My thoughts/suggestion here is to achieve integration along the lines of one of the approaches outlined below.

Explicit Integration

This approach involves adding more options, in terms of specific features of PSFramework that the module maker wishes to implement. For example, providing the options to incorporate configurations, classes, protected commands, and logging, while excluding other features. In this scenario, required component elements would be copied to the target module as private component elements that would load as native to the module, perhaps as internal cmdlets. To reduce complexity for the user, the build process could also institute checks for PSF command calls for features that weren't included initially, and offer the option to update the module to add the required bits.

Pros:

Cons:

Implicit Integration

This approach could be achieved by implementing a sort of 'plugin' type approach, in similar manner to that used by ModuleBuild. In this scenario, the entire PSFramework module can semi-easily be incorporated into the main module as a single package as sort of an additional set of "private" cmdlets by only loading the plugin within module scope. I've attempted this approach in the past with ok results, though there are some loading challenges that would need to be worked through.

Pros:

Cons:

You could also, in theory, sort of combine the two approaches. In that scenario, you'd probably want to separate the main module into discrete feature sets that get copied to the Plugins location set by the template. You'd also likely want to incorporate some elements by default. There are lots of quality of life things that would make sense to include in every build, such as the protected command functionality.

FriedrichWeinmann commented 1 month ago

Heya @merddyin , thanks for the quite thorough feedback and thought spent on this! This discussion has come up repeatedly through the years (especially at the conferences I usually hang out), and I don't think this is ever going to end.
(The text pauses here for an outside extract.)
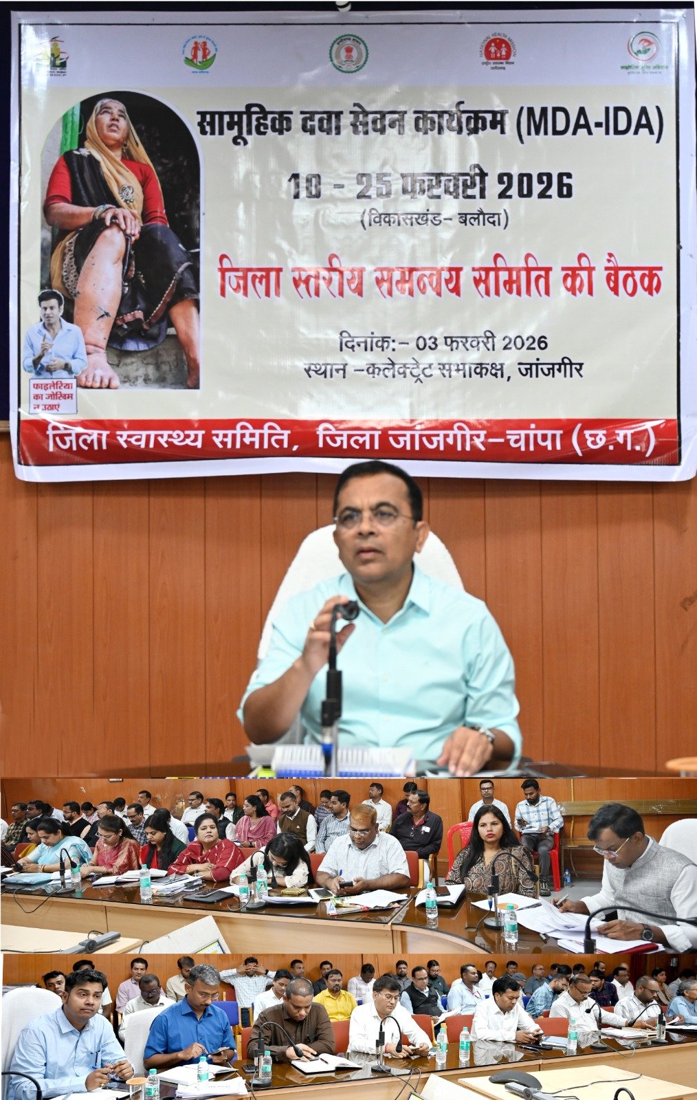 कलेक्टर श्री जन्मेजय महोबे की अध्यक्षता में राष्ट्रीय फाइलेरिया उन्मूलन कार्यक्रम के संबंध में बैठक आयोजित, राष्ट्रीय फाइलेरिया उन्मूलन कार्यक्रम अंतर्गत सामूहिक दवा सेवन कार्यक्रम 10 से 25 फरवरी 2026 तक,

Not a bad thing either, as it shows, that people are interested in the toolkit, so I much appreciate it. I also get the opposite feedback, where people are happy about having one dependency handle all their needs (and don't care about the extras it offers that they don't use).

I've put together my conceptualization on module types at the beginning of this year's conference talk on templating and module mass production. Summarizing: PSFramework is basically most of my Framework stack, splitting it up into components is against its design.

From a technical perspective, it is not designed to be split up, and other than some of the less integrated extra features that do not make up much of its code, they all tie into each other - logging uses configuration, configuration uses messages, messages use logging, messages use configuration, configuration uses debug, messaging uses debug, tab completion uses messages, tab completion uses debug, configuration uses tab completion, ... Trying to meaningfully break it down would be an incredible effort and a lot more fragile. It's an effort I cannot deliver on, even if I agreed with the approach.

Nesting components internally has further risk of invisible collisions between different consuming code parts and I shudder at the support impact that would cause. Could it be done? Possibly. The complexity required would make this a full-time effort I am very, very far from being able to commit to, sorry.

In the meantime, internal module deployment to offline environments can be simplified using an internal PSGallery, which you can even host in a file-share. This would allow you to run install-module from that offline computers and solve the package management requirement. It would also allow you to integrate internal code-signing before re-distributing approved modules. Here's some docs describing that

On October, 15th, there is an online mini-conference from the PSConfEU team - this may be for you, as Sydney Smith will talk on that very topic and what's the current state, including the new versions of packagemanagement. If you can distribute PS7 internally, your offline machine will have the new tools available out of the box - though I can understand if that is not possible for you from an organizational perspective (native PS7 integration with OS is a common issue requested and discussed).

What I do with several customers is maintain an internal repository and satisfy the zero-trust needs by manually verifying all modules before introducing them to the internal environment. For that we clone the github repo into an internal repository and code-review there. This allows us to later do a delta-PR and see what has changed, rather than having to do a full review for the entire module each time I want to update. Then we build it from source and publish internally (all my module repositories include the automation tools needed to build them locally without being bound the a particular service, such as Azure DevOps or Github).

merddyin commented 1 month ago

As always, appreciate your kind consideration of my thoughts.

In terms of the amount of effort involved in splitting things up, I totally get it, which is why I didn't really think that approach would fly. I suggested it partly from a perspective of being thorough, and partly just in case. That said, I guess I hadn't dug through the code quite enough to realize the integrations ran so far or so deep.

From the perspective of nesting however, I am unsure of what you mean as far as risk of invisible collisions. As I mentioned, I have experimented with this approach some with PSFramework while I work through how to leverage the module. In general, the module loads into the private scope with minimal issues, and everything appeared to work well enough. I do vaguely recall seeing an error of some sort last time I worked on this, but I admit it has been some time and I would need to dig for the project to retest so I can provide accurate information.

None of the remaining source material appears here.